BEGIN Recorded data

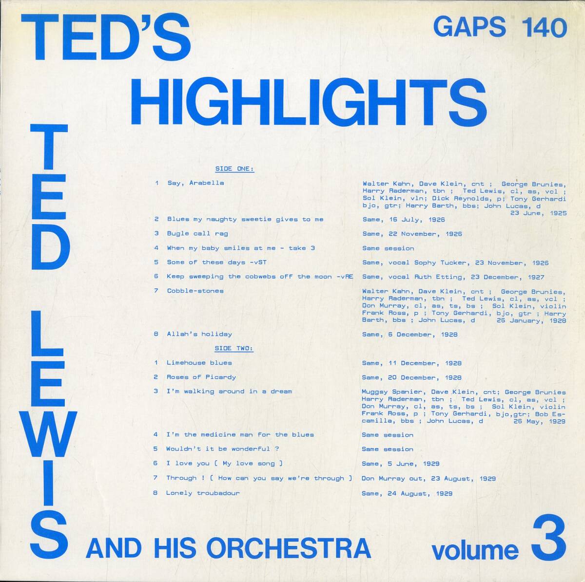 A00490992/LP/テッド・ルイス「Teds Highlights Volume 3」
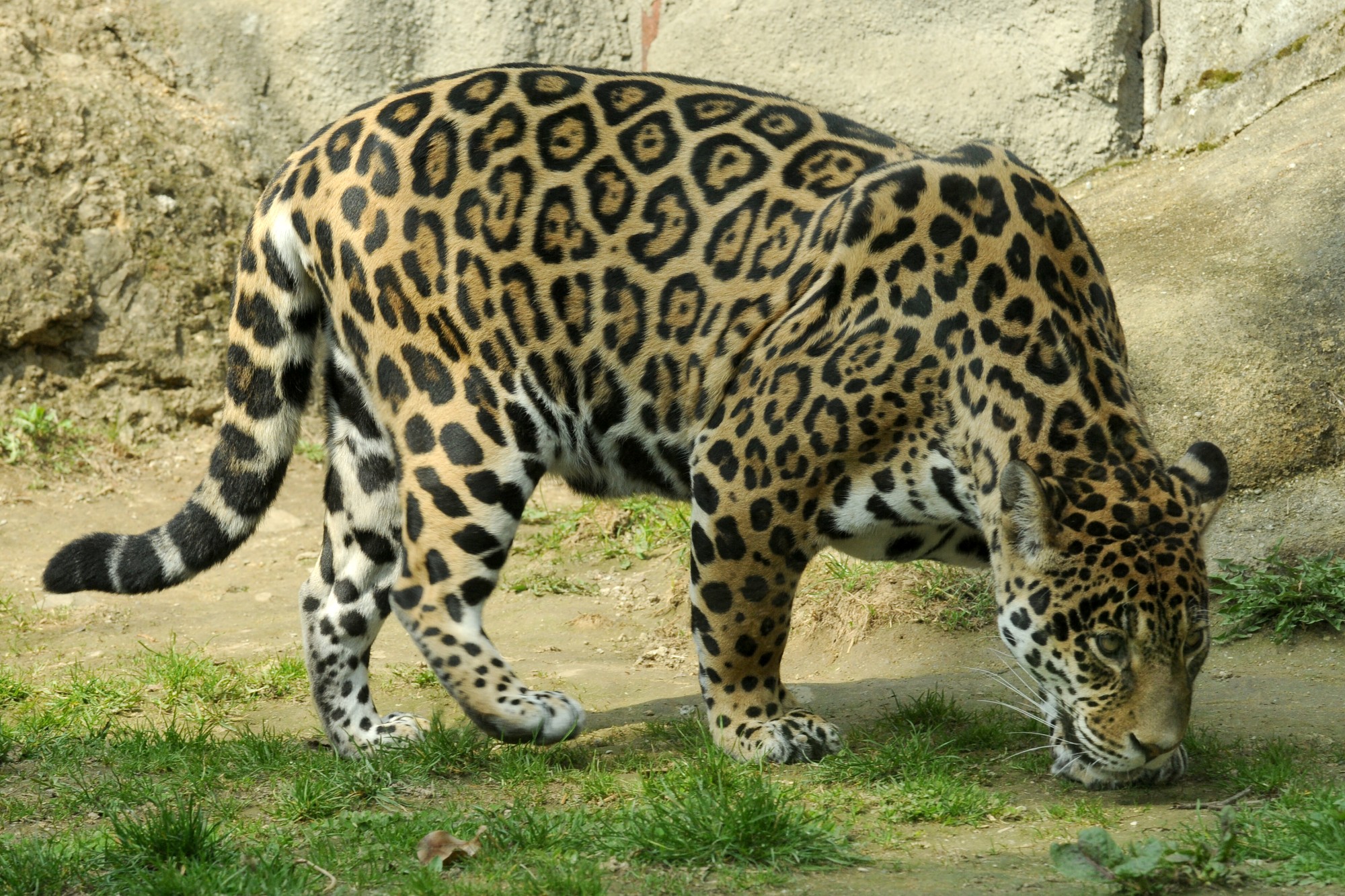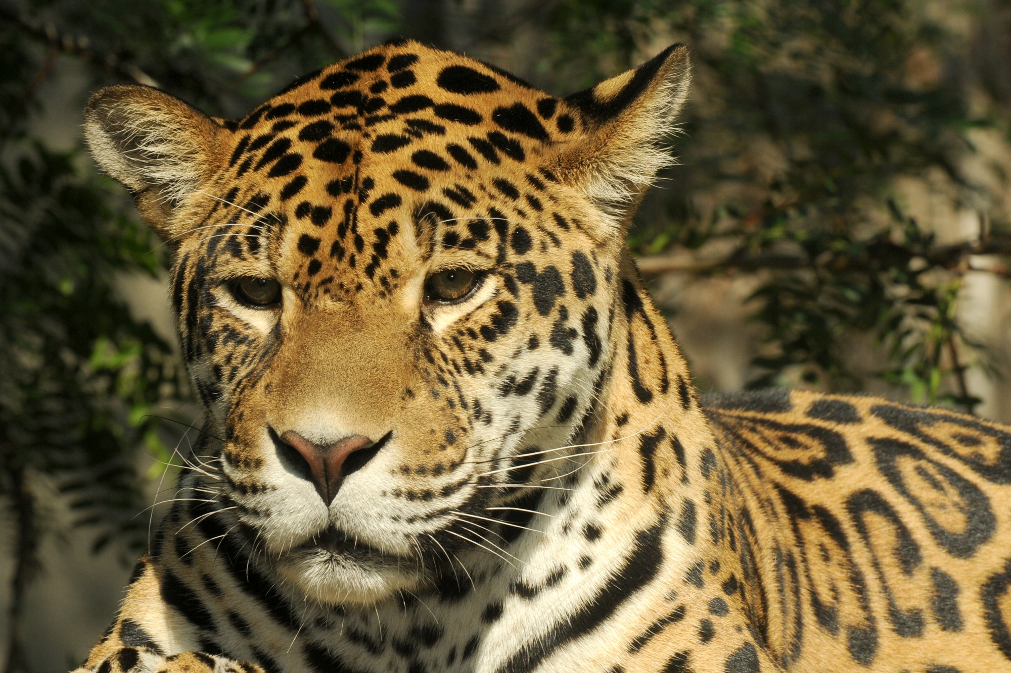 Jaguár má robustnější postavu než levhart a relativně kratší ocas a nohy. Ve větších černých skvrnách nazývaných rozety mají ještě jednu nebo i více černých teček, ty u levhartů chybí. Občas se u něj vyskytují i černě zbarvení jedinci. Ve střední Americe, Mexiku a USA je již vzácný, ale v mnoha nepřístupných oblastech Jižní Ameriky jsou však jeho stavy ještě na přijatelné úrovni. V zajetí se dožívá až 20 let, v přírodě však většinou pouze okolo 15 roků.
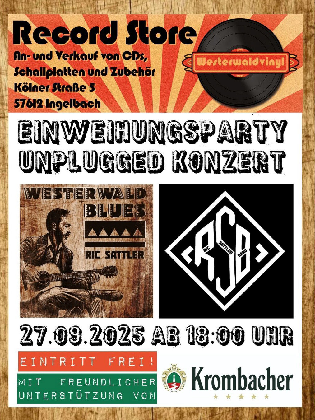 Ric Sattler stellt an diesem Abend exklusiv bei Westerwaldvinyl Stücke aus seinem neuen, heimatbezogenen Album "Westerwald Blues" vor, das am 01.07.25 erschienen ist.
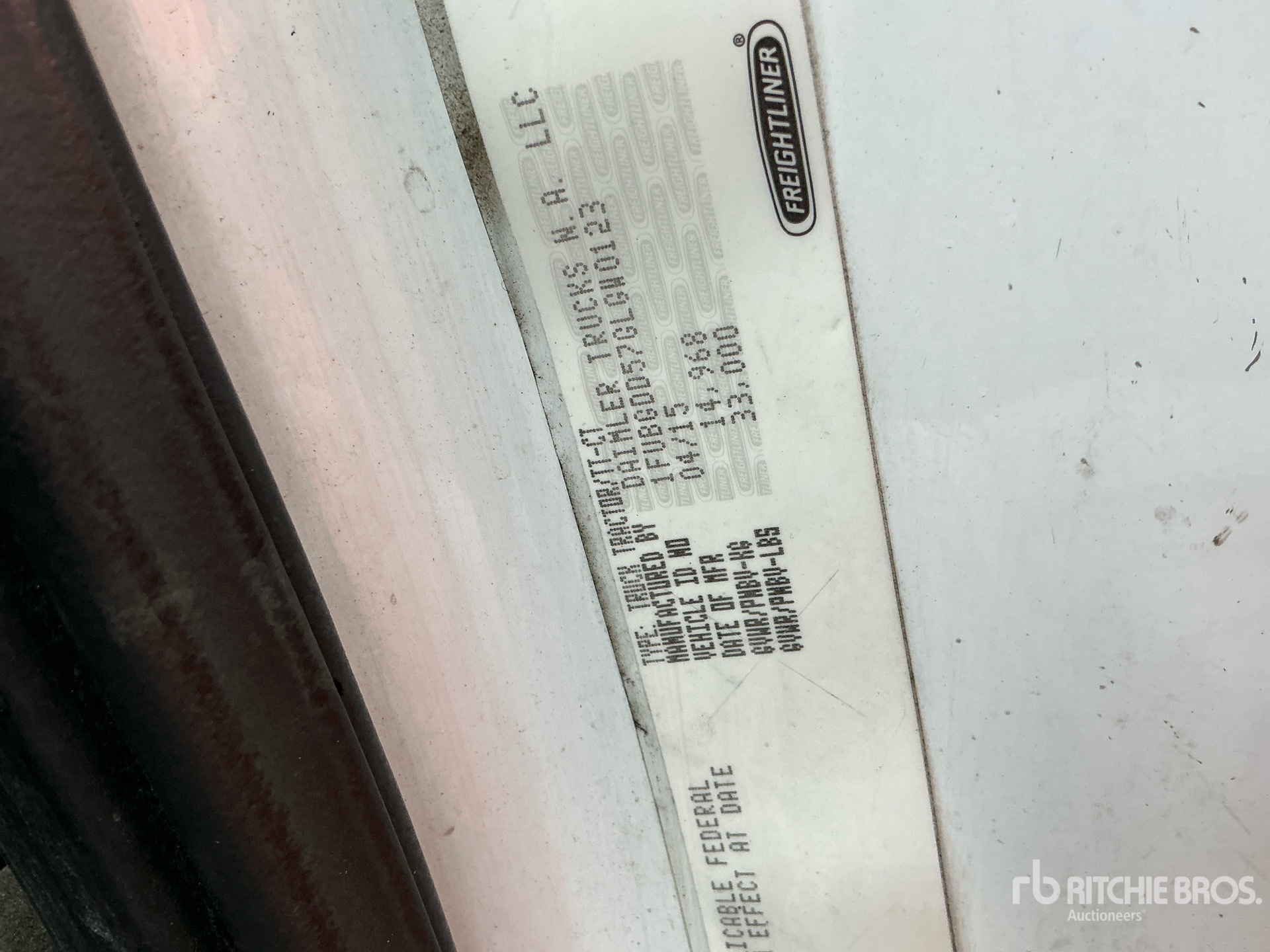 Moteur Detroit DD15 de 455 ch, homologué EPA (États-Unis) 2015, boîte de vitesses manuelle Eaton Fuller FRO-15210C à 10 rapports, essieu avant de 5 443 kg (12 000 lb), essieu arrière de 9 525 kg (21 000 lb), PTAC de 14 997 kg (33 000 lb), empattement de 4 011 mm (158 po), suspension pneumatique, pneus avant 11R22.5, pneus arrière 11R22.5
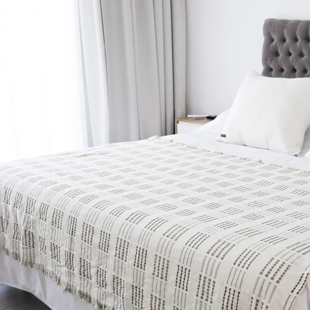Mantas y pie de cama tejidos con hilados de 100 % algodón.
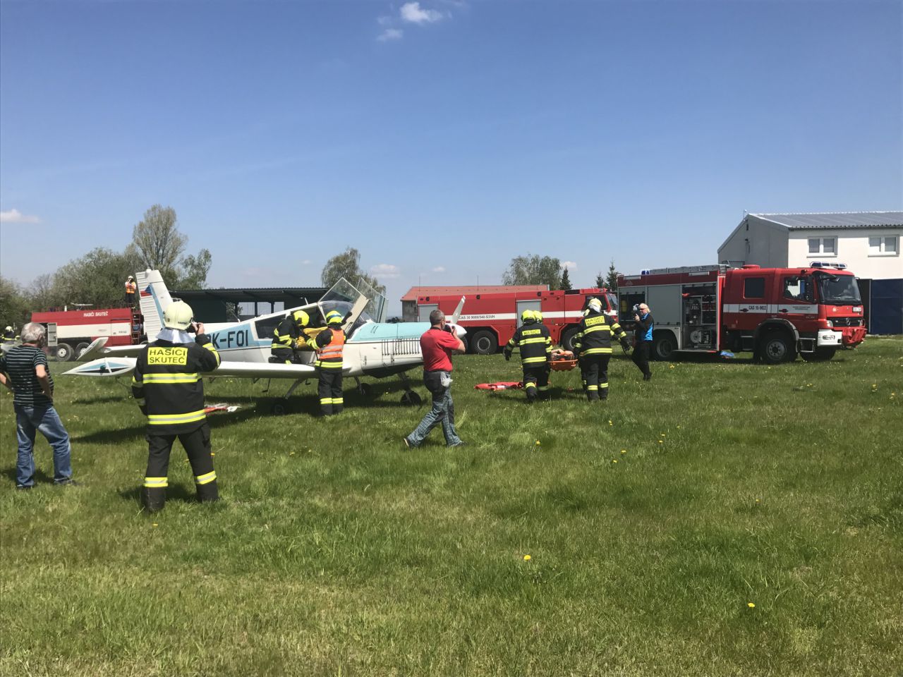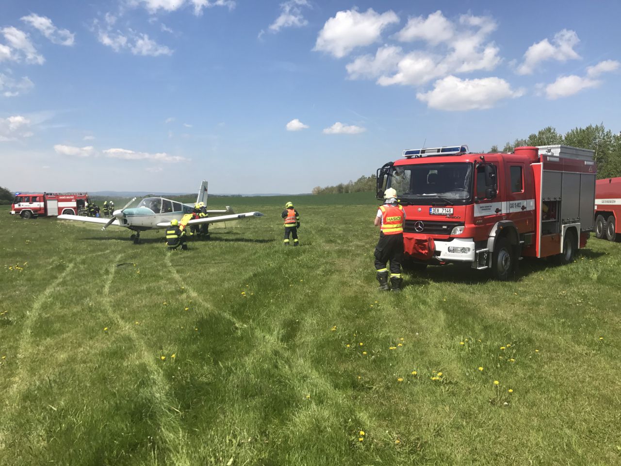 Pilot letadla, které zasáhl požár motoru, stihl pomocí vysílačky celou událost nahlásit a přistát. Uvnitř se společně s ním nacházely další dvě osoby.

END Recorded data

What to work on
In your copy, leave out the pictures and reproduce the material above exactly.

Task answer
 A00490992/LP/テッド・ルイス「Teds Highlights Volume 3」
 Jaguár má robustnější postavu než levhart a relativně kratší ocas a nohy. Ve větších černých skvrnách nazývaných rozety mají ještě jednu nebo i více černých teček, ty u levhartů chybí. Občas se u něj vyskytují i černě zbarvení jedinci. Ve střední Americe, Mexiku a USA je již vzácný, ale v mnoha nepřístupných oblastech Jižní Ameriky jsou však jeho stavy ještě na přijatelné úrovni. V zajetí se dožívá až 20 let, v přírodě však většinou pouze okolo 15 roků.
 Ric Sattler stellt an diesem Abend exklusiv bei Westerwaldvinyl Stücke aus seinem neuen, heimatbezogenen Album "Westerwald Blues" vor, das am 01.07.25 erschienen ist.
 Moteur Detroit DD15 de 455 ch, homologué EPA (États-Unis) 2015, boîte de vitesses manuelle Eaton Fuller FRO-15210C à 10 rapports, essieu avant de 5 443 kg (12 000 lb), essieu arrière de 9 525 kg (21 000 lb), PTAC de 14 997 kg (33 000 lb), empattement de 4 011 mm (158 po), suspension pneumatique, pneus avant 11R22.5, pneus arrière 11R22.5
Mantas y pie de cama tejidos con hilados de 100 % algodón.
 Pilot letadla, které zasáhl požár motoru, stihl pomocí vysílačky celou událost nahlásit a přistát. Uvnitř se společně s ním nacházely další dvě osoby.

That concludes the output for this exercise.